*WHAT IS BEING ASKED:* Below is a listing with pictures in it; transcribe exactly the lines from the one that has "Female Birth Registration: Year: 1923" through the one that has "Spline serisinden bu", and omit those pictures.

*DATA RECORDS:*
************
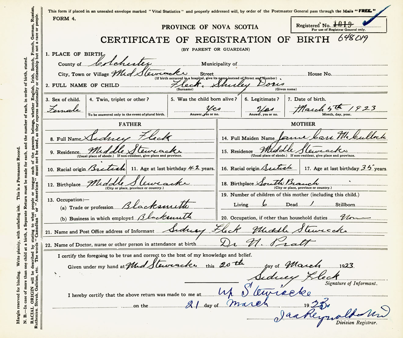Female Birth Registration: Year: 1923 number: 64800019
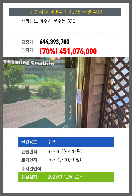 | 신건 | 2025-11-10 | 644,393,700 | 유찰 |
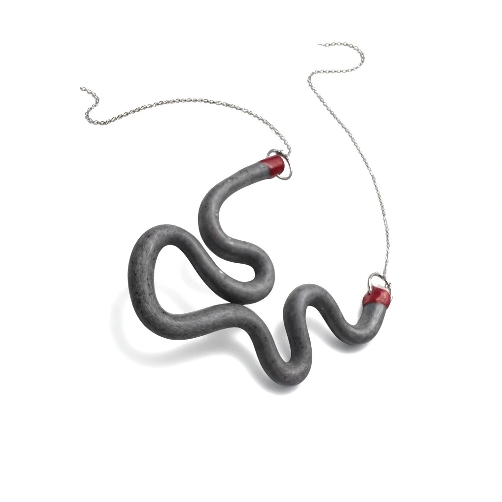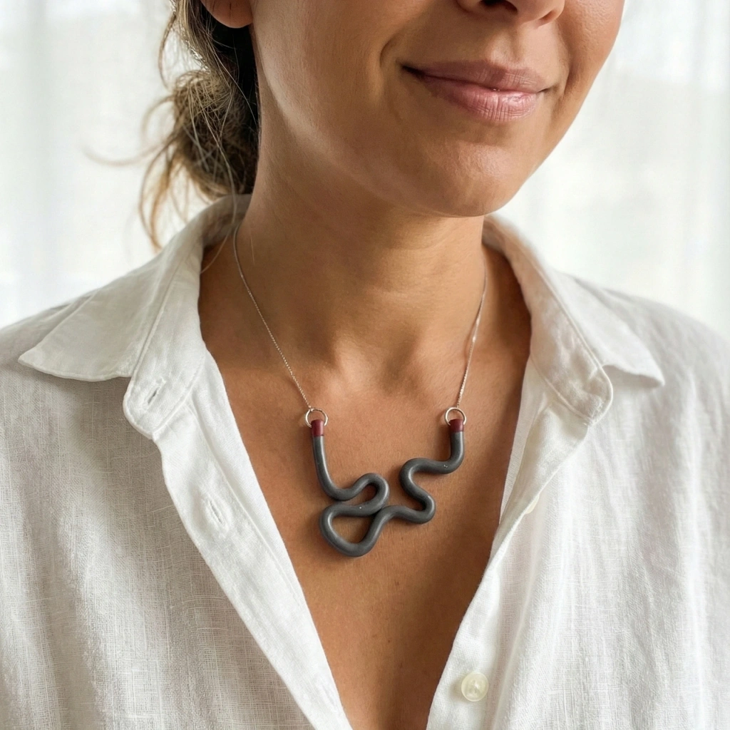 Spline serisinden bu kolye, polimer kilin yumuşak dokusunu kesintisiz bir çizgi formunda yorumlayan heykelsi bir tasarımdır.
************
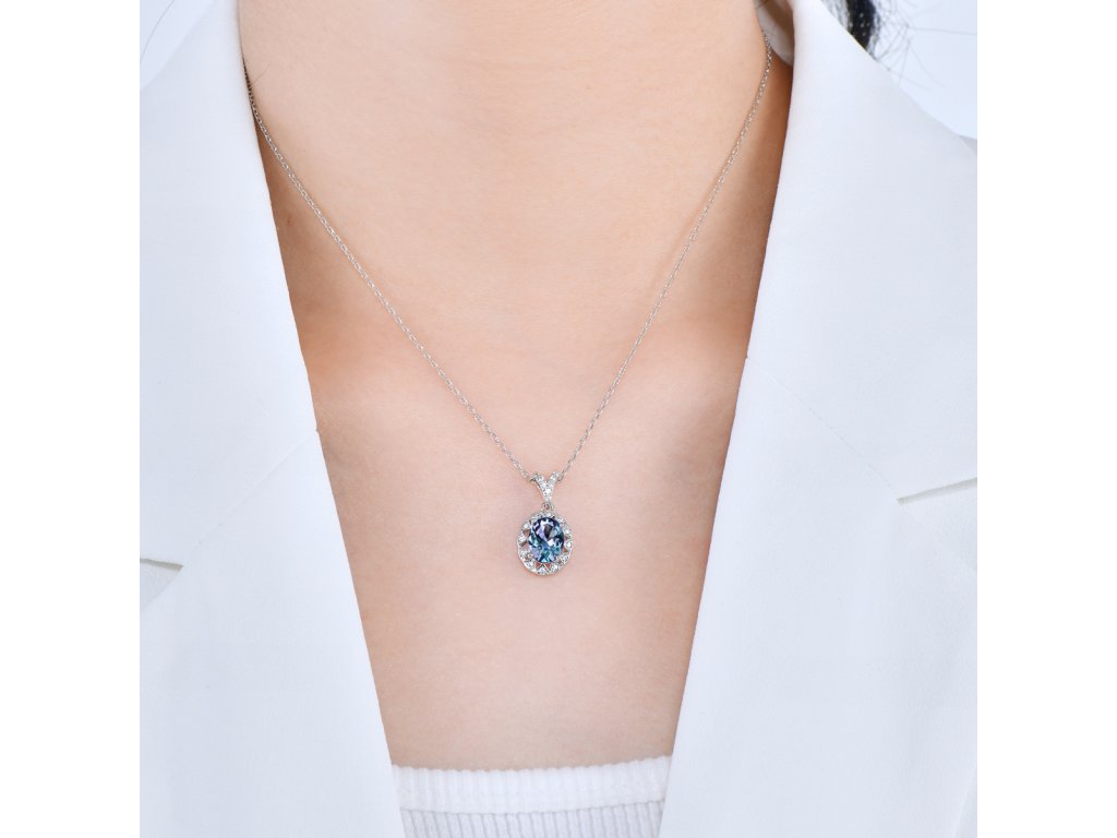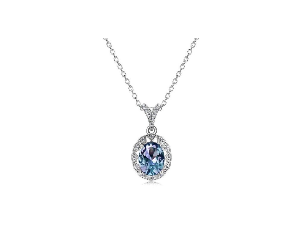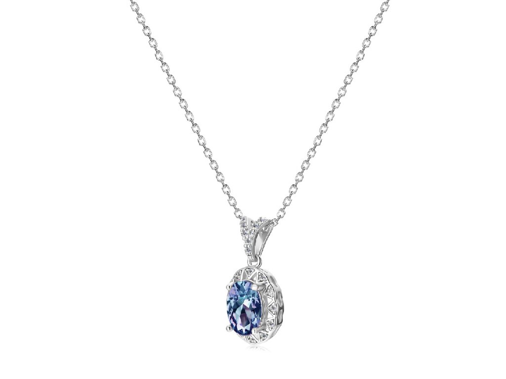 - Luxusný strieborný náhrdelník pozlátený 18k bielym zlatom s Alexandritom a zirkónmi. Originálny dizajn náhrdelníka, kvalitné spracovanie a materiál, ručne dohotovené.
************
*TASK RESPONSE:*
Female Birth Registration: Year: 1923 number: 64800019
 | 신건 | 2025-11-10 | 644,393,700 | 유찰 |
 Spline serisinden bu kolye, polimer kilin yumuşak dokusunu kesintisiz bir çizgi formunda yorumlayan heykelsi bir tasarımdır.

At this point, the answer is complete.